Guest Editor: Maria Chiara Miccoli

Deadline for proposals: CLOSED


Zero has captured the imagination of scientists and philosophers alike. Scientifically, the concept of zero played an essential role in developing mathematics, physics, and computer science, to name a few. In philosophical movements such as Rg Veda and Mahãyãna philosophy, the understanding of zero is intertwined with the idea of nothingness and void.1 Although the origin of the mathematical zero is still uncertain, historians and mathematics agree that it was not until the 3rd – 4th  century AD that zero was used as a legitimate number, particularly in India.2 A recent analysis of the Bakhshali manuscript — discovered in Pakistan in 1881 — revealed that the Hindu symbol for zero was initially a dot.3 Historians are still investigating how and when this dot became an empty circle.
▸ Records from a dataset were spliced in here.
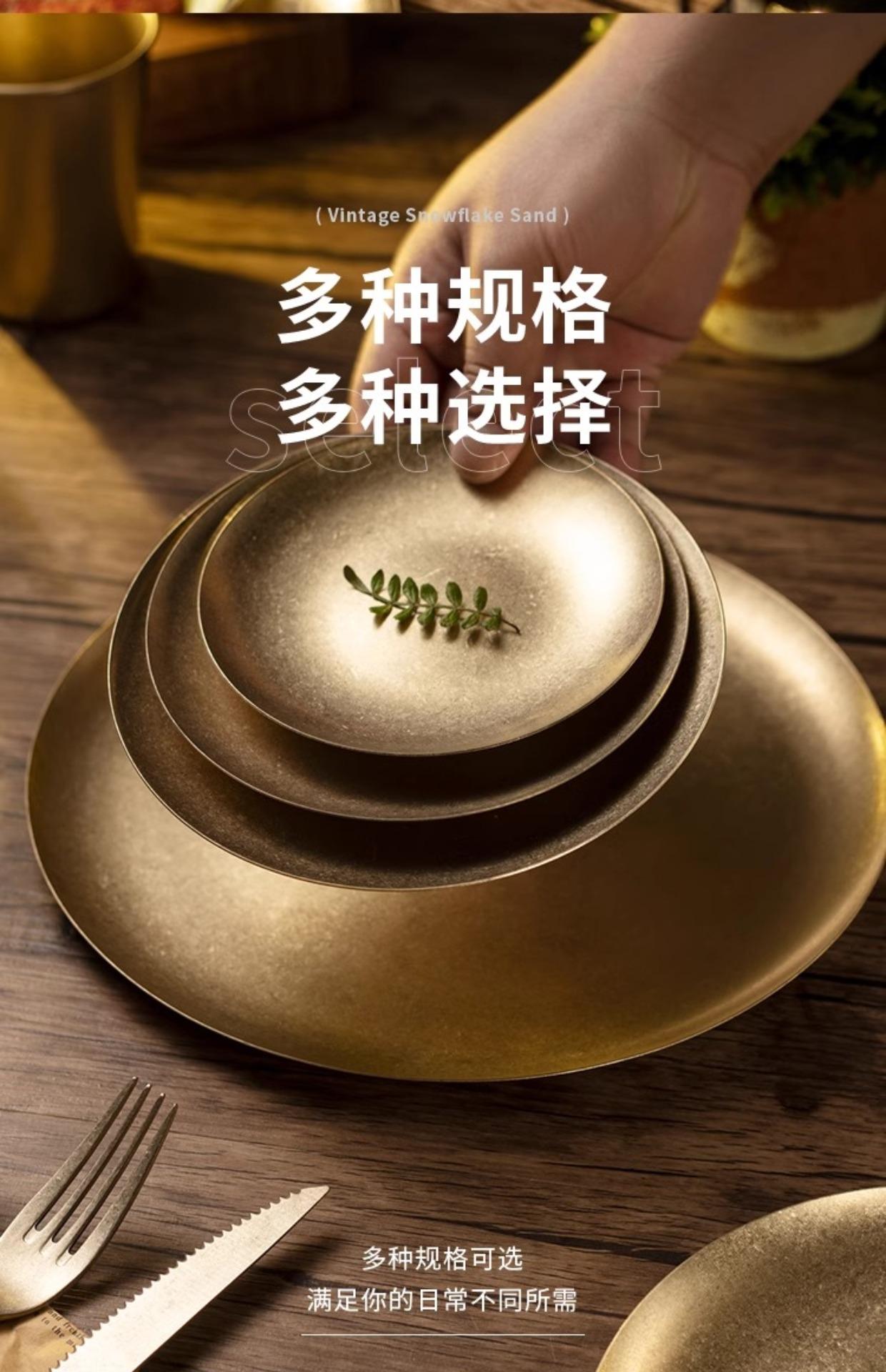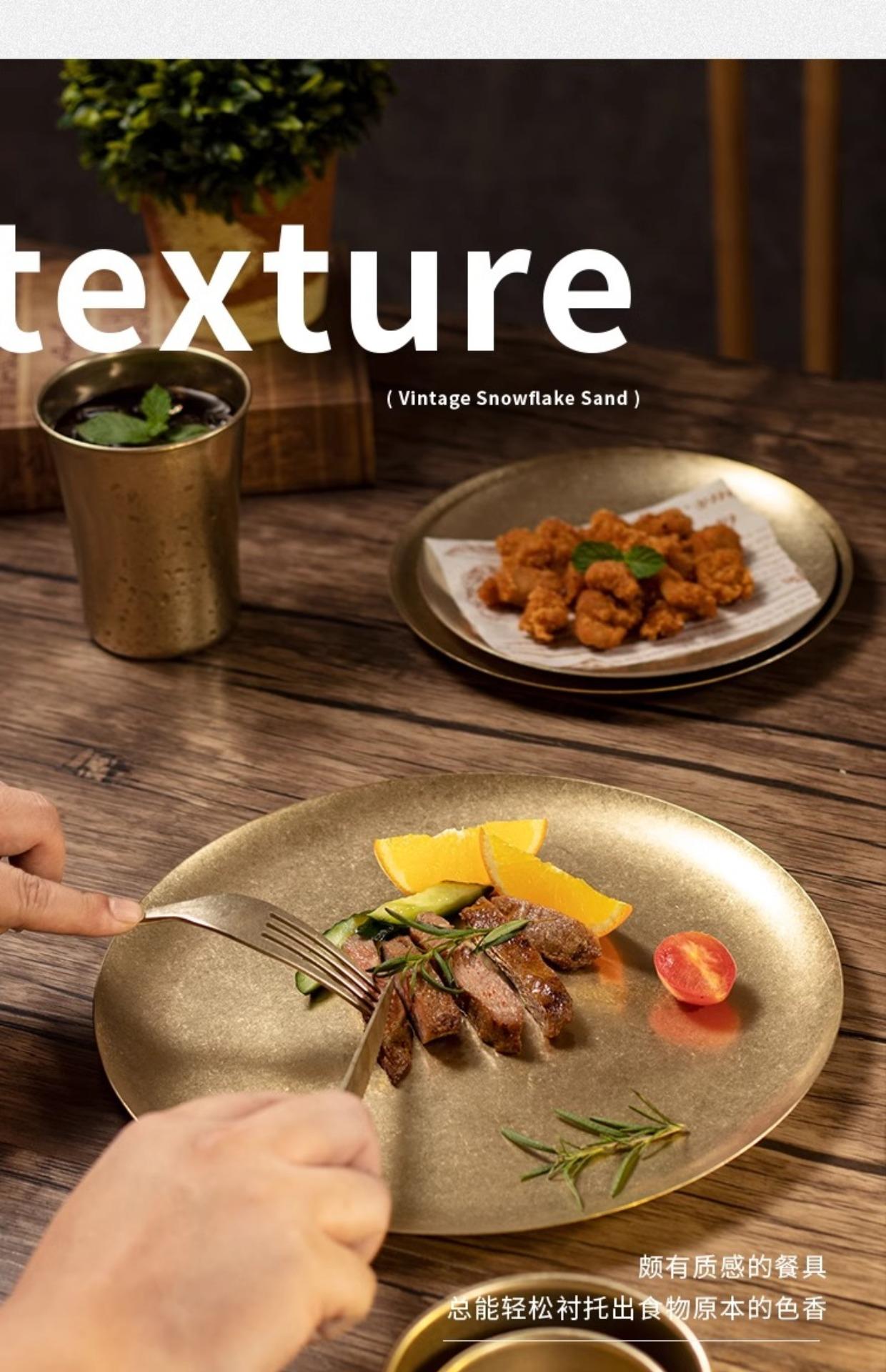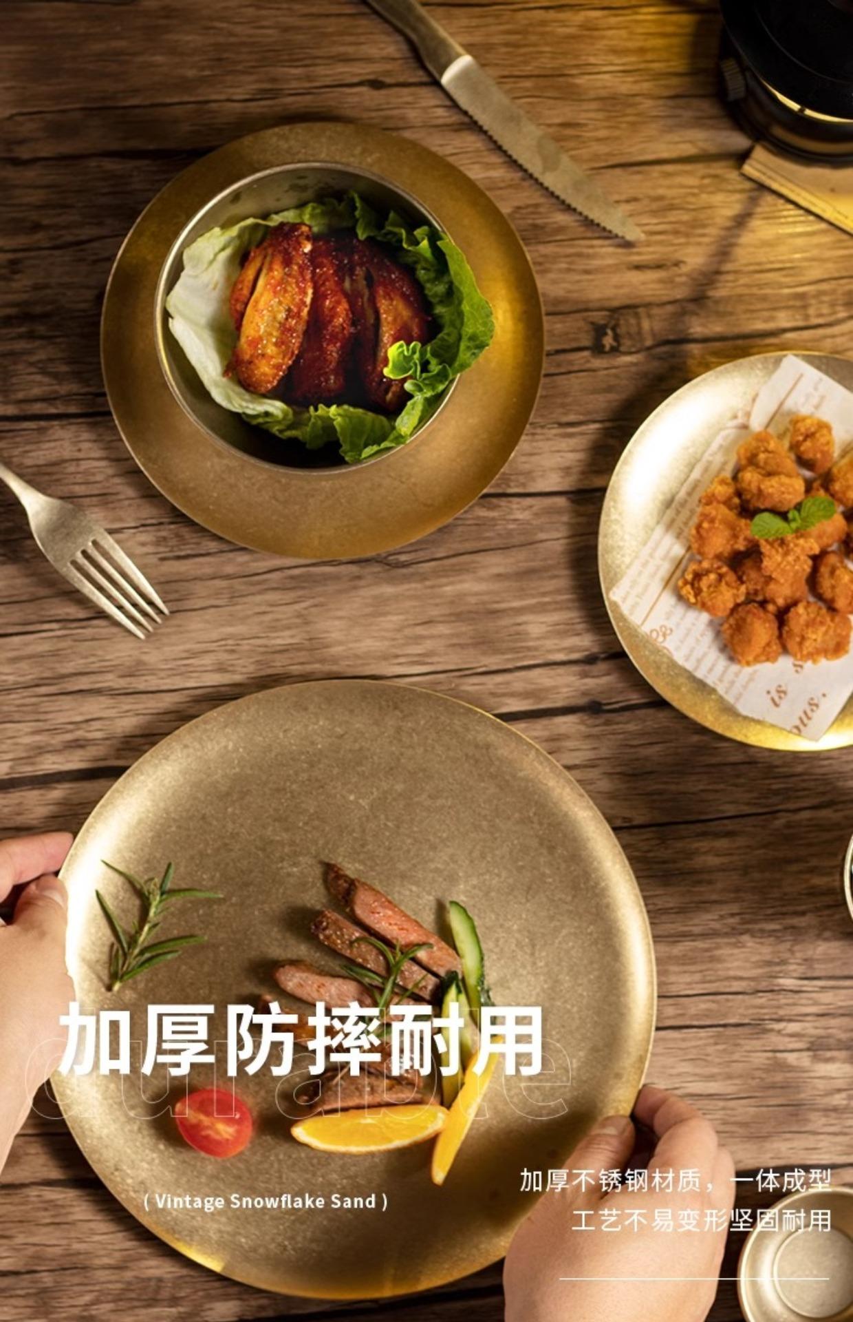 Plato Redondo Retro de Acero Inoxidable Plato para Barbacoa Plato Llano Poco Profundo Dorado Plato para Bistec Plato para Plato Bandeja para Bocadillos Plato para Postre Comercial
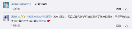 护“坤”情深的网友立刻解释道是因为拿着话筒不方便操作手机,但是不得不说划拉手机的屏幕的手超级好看,确认是真爱分无疑了。更有网友表示,三岁的坤坤做出这种反差萌的动作实在让人忍不住想高呼“太可爱了”!
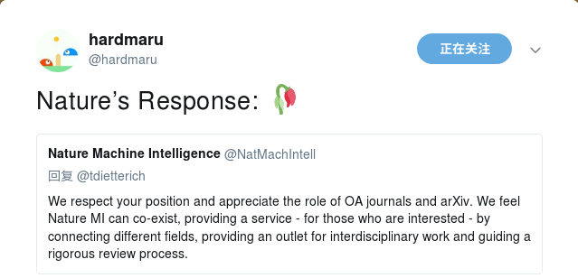《自然》后来做出了回应,说了些不痛不痒的话,什么新子刊可以和开放的期刊、arXiv共存,可以提供严谨的审稿流程等等,促进不同学科间的交流。说得好像现在机器学习开放期刊和顶会没有严谨的审稿流程,不发表跨学科的论文似的。

What makes this shift extra intriguing is that zero can be identified in Sanskrit through the words sūnya, meaning nothingness or void, and pūrņa, meaning fullness, which reflect zero’s metaphysical and ontological duality.4

Zero has also been explored in arts, such as the avant-garde Zero Group, founded in 1957 by Heinz Mack and Otto Piene. The group named itself Zero because the term indicates “a zone of silence and of pure possibilities for a new beginning.”5 The group experimented with the expressive possibilities of new materials made accessible by mass consumption, such as aluminium. For instance, in the sculpture Light Reliefs (1958), Mack imprinted geometric patterns in relief on aluminium foils, emphasising the movement created by the reflection of light on its surface. Furthermore, the group organised pop-up exhibitions, events and performances that expanded internationally, axial to both art movements and individuals.6

Evelina.Domnitch & Dmitry Gelfand, ER=EPR, 2017, installation view Courtesy of the artists.

More recently, artists have been inspired by the number zero indirectly, in their interest in quantum physics and digital technologies. For instance, the artists Dmitry Gelfand and Evelina Domnitch make installations investigating perceptions and perpetuity. In their installation ER=EPR (2017), the artists recreate two black holes through a laser projection that expands two water rotating vortices into projected shimmering halos. Through the collaboration with physicists, the artists make artworks that question recent scientific discoveries.

Being at the base of computer code, zero is also the founding language of the virtual realm. Net artist Jan Robert Leegte explores the nature of digital immateriality and its manifestation within both the online and the offline realms. The artwork The Immaterial Materialised (2014) consists of a dibond sculpture with a printed URL corresponding to a virtual artwork accessible by digitising the domain name. By showing the multiple possibilities of representing an immaterial thing/entity such as a web link, Leegte’s artwork draws back the reflection on zero’s duality and versatility.

Jan Robert Leegte, The Immaterial Materialised, 2014, Dyptich – Print on dibond, domain name, HTML, found internet images, Courtesy of the artist / Collection Rik Klinkhamer.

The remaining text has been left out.